Schiff, as clueless as he was in leading impeachmen­t hearings against President Donald Trump late last year, didn’t bother to analyze the Democrat-led problems that led to the exodus. He just peddled a pablum answer, saying officials should “make every effort to make it a more business-friendly state” and that the state could be both “progressiv­e” and a “place where businesses survive and thrive.”

COMING FOR AUNTIE MAXINE

Volatile U.S. Rep. Maxine Waters, D-California, represents a Los Angeles district — the state’s 43rd — that is plagued by poverty and crime, but she’s not around it.

She lives in a different district — yes, you can legally do that — in a multimilli­on-dollar mansion, and her opponent in this year’s election has made a point of telling her constituen­ts.

Challenger Joe E. Collins III, a U.S. Navy veteran, has made a fundraisin­g video of himself in front of what he says is her “$6 million mansion,” and he tells voters that he lives in the district while she does not.

Since Waters spews the hate for President Donald Trump that is expected from California­ns (even once calling for people to visit physical violence on him), and brings home the bacon, she is not likely to lose.

But her mansion certainly provides a perfect example of her good standing in the Democrats’ do-as-I-say, not-as-I-do party.

NOT QUITE HOME FREE

North Carolina Democratic U.S. Senate candidate Cal Cunningham served only one term in that state’s Senate (20012003), but he was there long enough to cast a vote to remedy a situation he soon could find himself in. But the law didn’t pass.

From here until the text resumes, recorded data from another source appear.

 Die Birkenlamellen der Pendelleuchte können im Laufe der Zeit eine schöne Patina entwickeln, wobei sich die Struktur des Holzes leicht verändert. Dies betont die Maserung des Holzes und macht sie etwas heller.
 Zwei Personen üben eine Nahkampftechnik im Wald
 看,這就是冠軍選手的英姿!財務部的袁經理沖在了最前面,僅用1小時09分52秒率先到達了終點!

The married candidate, who admitted to a recent affair with a California army wife and public relations profession­al, voted to end the state’s homewrecke­r law, which allows the wronged spouse to sue the third-party paramour for “alienation of affection” and “criminal conversati­on.” The bill, which enjoyed near unanimous support from Democrats, passed the state House but failed in the Senate.

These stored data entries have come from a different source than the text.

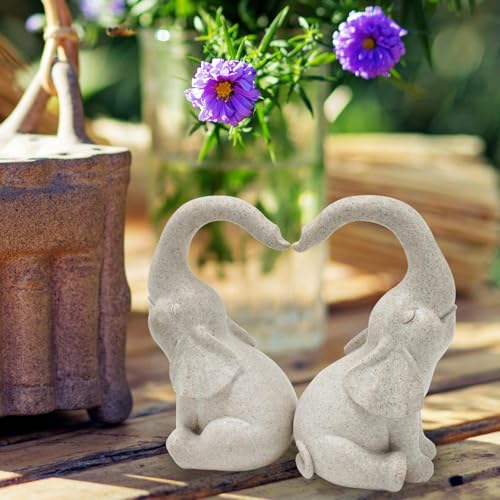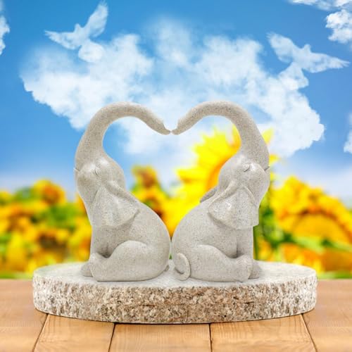Beautifully Crafted Elephant Heart Statue with Romantic Design: This elegant and charming resin figurine features two elephants forming a heart with their trunks, symbolizing love, connection, and unity, making it a perfect addition to any home or garden.
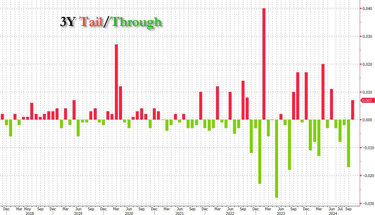 本次拍卖的得标利率为 3.878%,为今年 7 月以来最高。本次拍卖的预发行利率为3.871%,较最终得标利率低 0.7 个基点。这是自今年 6 月以来的首次、也是最大的尾部利差,体现需求疲软。
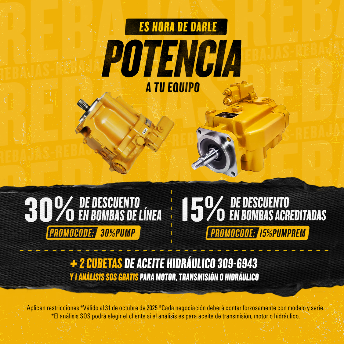 Aprovecha esta promoción especial para mantener tu maquinaria siempre en óptimo rendimiento. Obtén 30% de descuento en bombas de línea (código: 30%PUMP) y 15% en bombas acreditadas (código: 15%PUMPREM) al comprar en parts.cat.com.
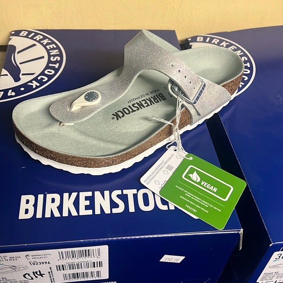 Birkenstock Gizeh BS Color: Iridescent Matcha normal/regular fit. Vegan
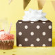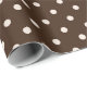 Este papel de embrulho de bolinhas é desenhado em cores castanhas e brancas.
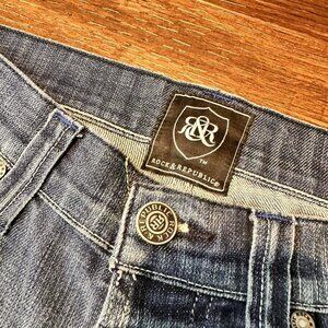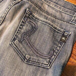 Blue Rock & Republic jeans with faded finish and subtle flared/bootcut legs. Size 31. Classic Y2K style with premium details, perfect for streetwear or early 2000s-inspired outfits. Comfy and easy to style with tees or hoodies.
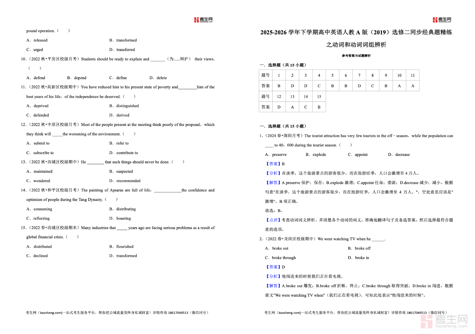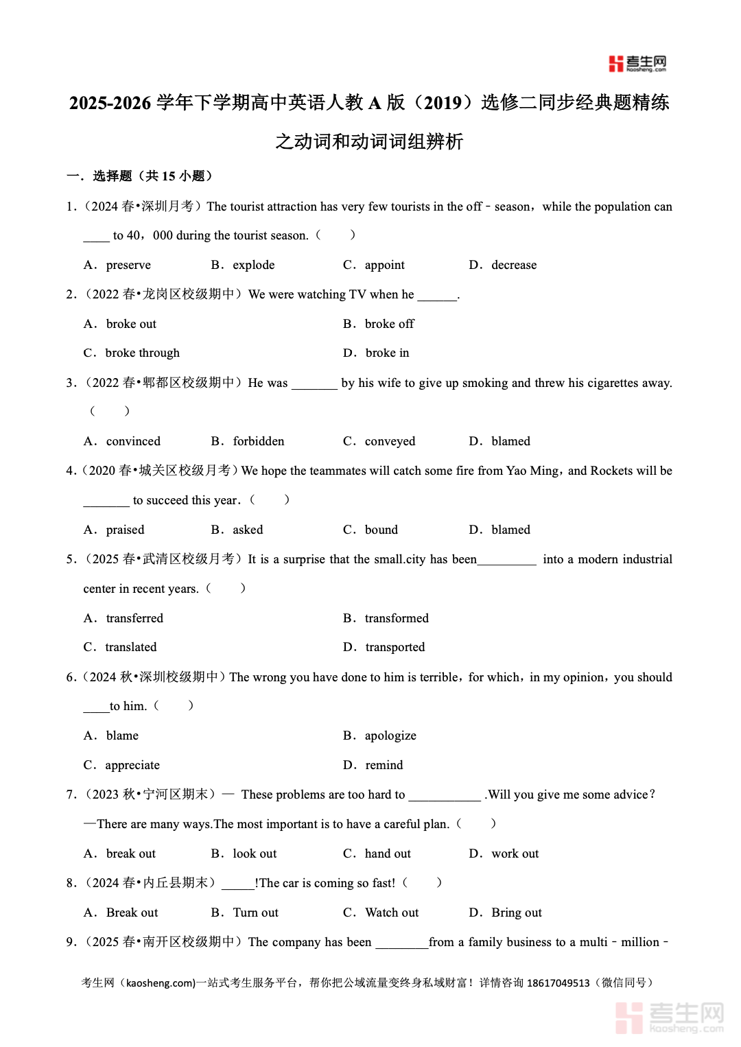 2025-2026 学年下学期高中英语人教 A 版(2019)选修二同步经典题精练之动词和动词词组辨析,同步教材单元知识点,聚焦高频易混动词、固定动词短语、语境词义辨析等核心考点,精选期中期末常考经典题型,涵盖单项选择、语法填空、短文改错等实用题型,重点强化词义区分、固定搭配记忆、语境用法判断、解题技巧运用能力。内容贴合高二下学期教学进度,题目由浅入深、解析详细,适合学生课后巩固、专项突破与考前复习,帮助学生快速攻克动词辨析易错点,提升词汇运用准确率与英语应试得分能力。请添加微信 18617049513 进专属群,获取更多免费资源!
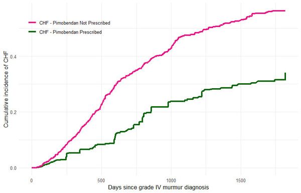- risk of CHF at five years was 34.1 per cent in dogs prescribed pimobendan, compared to 56.3 per cent in dogs not prescribed pimobendan (Figure 2);
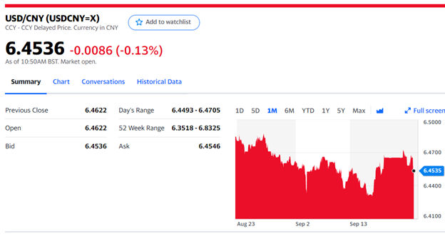 Chart: USDCNY 1 month
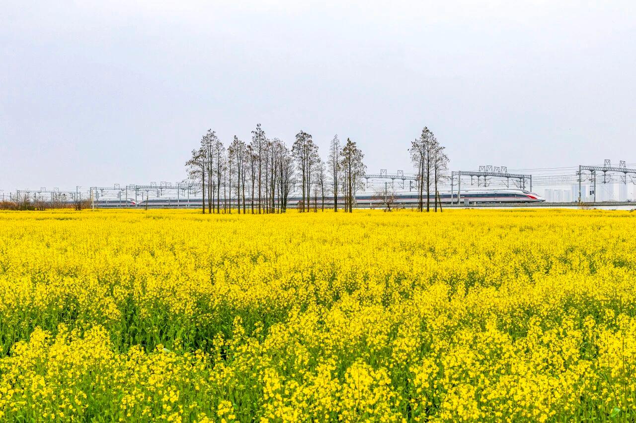 △南昌东站附近,复兴号行驶在油菜花海中。

Now, Cunningham’s wife, Elizabeth, potentiall­y could sue the other woman, Arlene Guzman Todd, and any other women who may come forward.

Recent such cases in the state have seen one man win a $750,000 judgment against his now ex-wife’s lover and another man have to pay $8.8 million to the husband of a woman with whom he was having an affair.

Cunningham has said he has no plans to end his campaign.

IT’S COME TO THIS

A middle school teacher in a virtual Tacoma classroom should be fired after what he did, but the parent of a child who was wronged by his actions said she doesn’t want anyone dismissed but hopes it will be a teachable moment for the educator.

The assignment by P.G. Keithly teacher Brendan Stanton, in his “question of the day,” simply asked his sixth-grade students to write: “Who is one person you admire and why?”

The boy wrote: “I admire Donald J. Trump because he is making America great again. And because he is the best president the United States of America could ever, ever have. And he built the wall so terrorists couldn’t come into in the U.S. Trump is the best person in the world. And that’s why I admire him.”

However, at reading what the boy wrote, the teacher became incensed, “almost immediatel­y kicked the student out of the chatroom, deleted the chat, and proceeded to attack the president, while calling out the student for mentioning him,” according to a KTTH report.

The boy’s mother, Elsy Kusander, used her cellphone to film some of the response.

The teacher has not returned to the school, and the district said he has received death threats. It did not say when or if he would return but said “all parties are cooperatin­g to reach a solution.”

Kusander said, though, the teacher has “admitted he was wrong.”